With the Morceaux, Op. 49 (1906) Scriabin’s condensed polyphony and polyrhythmic style has congealed into a mature form, no longer indebted to past Romantics. Scriabin’s harmony already moves in clusters to what would become his “Prometheus” chords. Though exceedingly terse, their innate volatility impresses us via Mody’s reading. The later Scriabin becomes more chaste expressively, as we witness in Two Poemes, Op. 69 (1913), the first of which, Allegretto, poses subtle, delicate tracer in the manner of veils. The second piece, Reverie, embodies in flying thirty-second notes, the composer’s Puckish striving for purity and light that suffuses his Tenth Sonata (1912-13). The Two Poemes, Op. 63 (1912) reveal the “Prometheus” Chord, built of six notes that span a fourth. Incredible concentrated, the first piece, Masque, moves down a fourth at measure 5 to a second section marked bizarre at bar 10, which vaporizes before we can grasp it. The second piece extends the impulse, Etrangete (weirdness), a series of sparkling runs that invoke Prometheus even as they scamper away.
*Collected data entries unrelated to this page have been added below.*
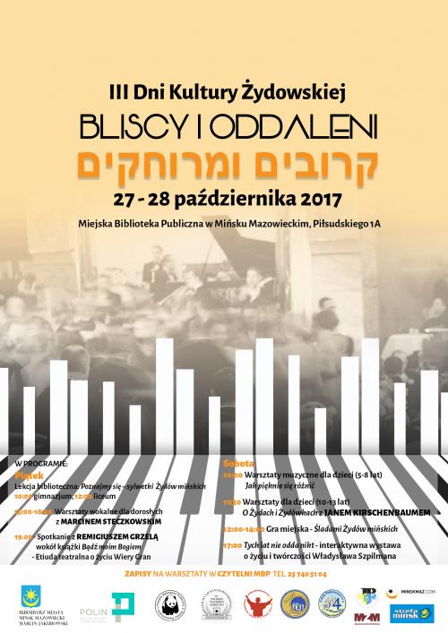 Z radością zapraszamy do udziału w wydarzeniach III Dni Kultury Żydowskiej Bliscy i Oddaleni, które odbędą się w dniach 27-28 października 2017r. w Miejskiej Bibliotece Publicznej w Mińsku Mazowieckim.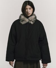 FUR HOOD SHORT JUMPER_BLACK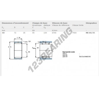 Il Cuscinetti A Rullini, noto come NK6035-SKF SKF, ha un diametro interno di 60 mm, un diametro esterno di 72 mm e uno spessore di 35 mm.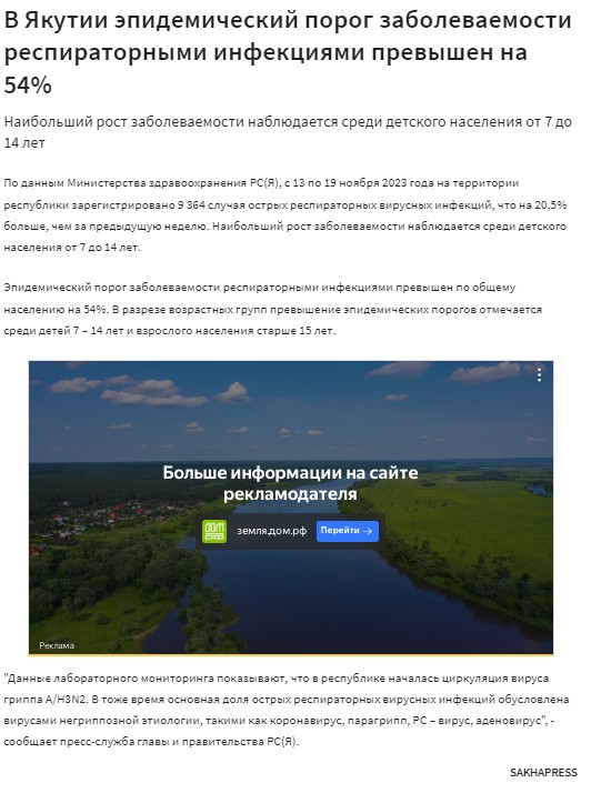 Sakhapress напоминает, что, по данным Управления Роспотребнадзора по РС(Я), на конец 43 недели 2025 года в пейзаже циркулирующих вирусов отмечены находки вирусов гриппа А (H3N2). О том, что есть случаи заболевания, таких данных там нет.
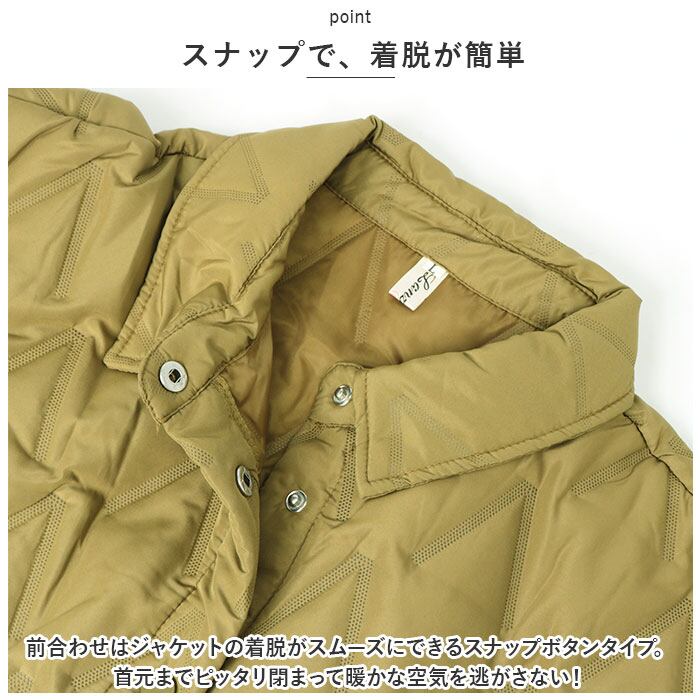 ・前合わせはジャケットの着脱がスムーズにできるスナップボタンタイプ。首元までピッタリ閉まって暖かな空気を逃がさない!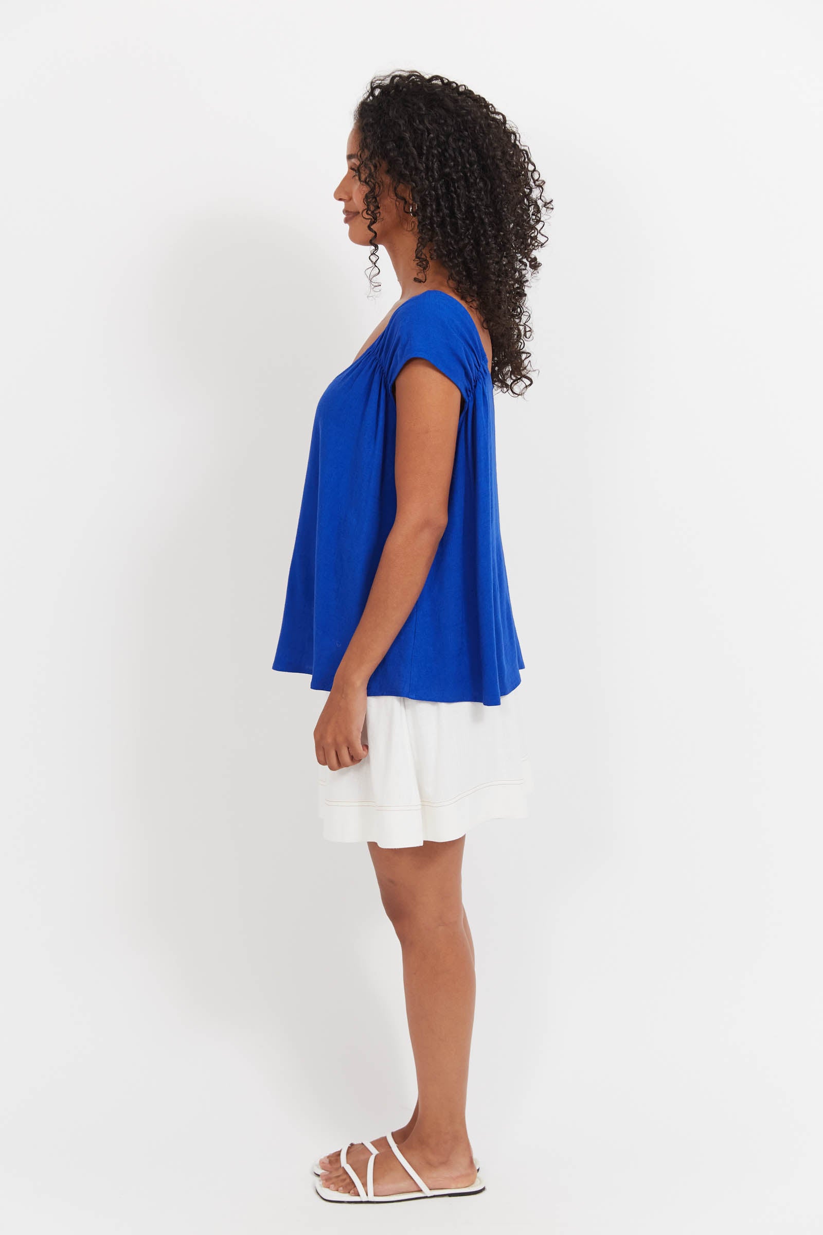The Bahama Tank is your throw-on-and-go essential, designed with a flattering scoop neckline, extended shoulder sleeves, and soft gathered detailing at the straps. Cut in a loose fit from a breathable linen blend, it falls to the hip for versatile styling.

The “big” piece in this collection doubtless looms Sonata No. 10, which attempts to distill degrees of ecstatic light, like a landscape or mindscape by Turner. Like Beethoven, Scriabin finds liberation in his trill, sometimes combining this effect with shimmering tremolos and garlands of sweeping sound. Scriabin indicates a “profound veiled ardor” for his chromatic line that opens out at bar 39, Allegro. The descending thirds in the opening section infiltrate Scriabin’s progress as he transposes his main tune down a third upon each repetition. The trills and cascades collide and compete with the development, which Mody executes with lofty vitality, as he must, to attain the puissant, radieux climax (fff) of this solipsistic vision. A huge silence ensues, answered only by the cyclical reappearance of the beginning music, the Alpha and Omega, if you will.